**INFORMATION SHOWN**
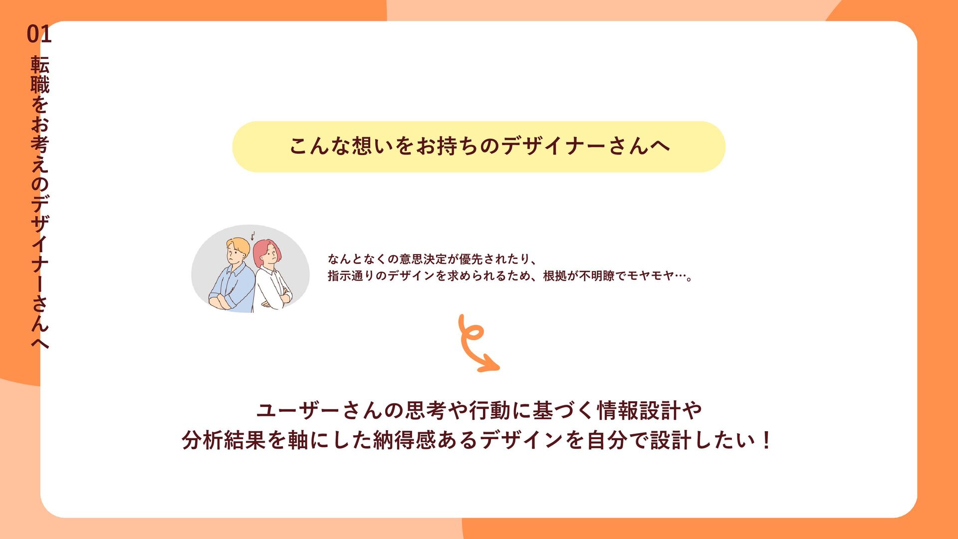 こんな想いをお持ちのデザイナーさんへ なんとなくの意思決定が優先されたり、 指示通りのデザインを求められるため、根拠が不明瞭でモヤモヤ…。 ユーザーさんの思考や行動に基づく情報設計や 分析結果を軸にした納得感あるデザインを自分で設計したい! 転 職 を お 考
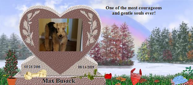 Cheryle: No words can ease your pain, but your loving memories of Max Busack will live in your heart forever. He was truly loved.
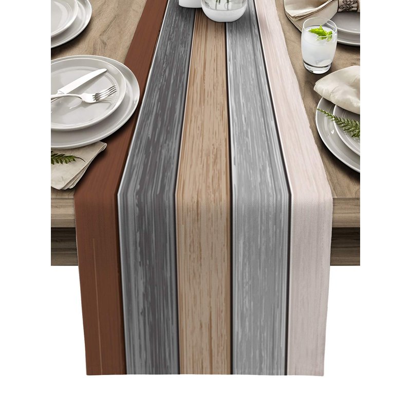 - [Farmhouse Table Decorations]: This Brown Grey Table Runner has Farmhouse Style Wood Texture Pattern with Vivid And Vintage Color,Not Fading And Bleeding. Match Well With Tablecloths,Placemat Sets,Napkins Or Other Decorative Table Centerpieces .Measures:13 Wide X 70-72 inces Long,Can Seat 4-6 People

**AIM OF THE TASK**
From the material above, copy everything exactly but the pictures.

**RESPONSE BELOW**
 こんな想いをお持ちのデザイナーさんへ なんとなくの意思決定が優先されたり、 指示通りのデザインを求められるため、根拠が不明瞭でモヤモヤ…。 ユーザーさんの思考や行動に基づく情報設計や 分析結果を軸にした納得感あるデザインを自分で設計したい! 転 職 を お 考
 Cheryle: No words can ease your pain, but your loving memories of Max Busack will live in your heart forever. He was truly loved.
 - [Farmhouse Table Decorations]: This Brown Grey Table Runner has Farmhouse Style Wood Texture Pattern with Vivid And Vintage Color,Not Fading And Bleeding. Match Well With Tablecloths,Placemat Sets,Napkins Or Other Decorative Table Centerpieces .Measures:13 Wide X 70-72 inces Long,Can Seat 4-6 People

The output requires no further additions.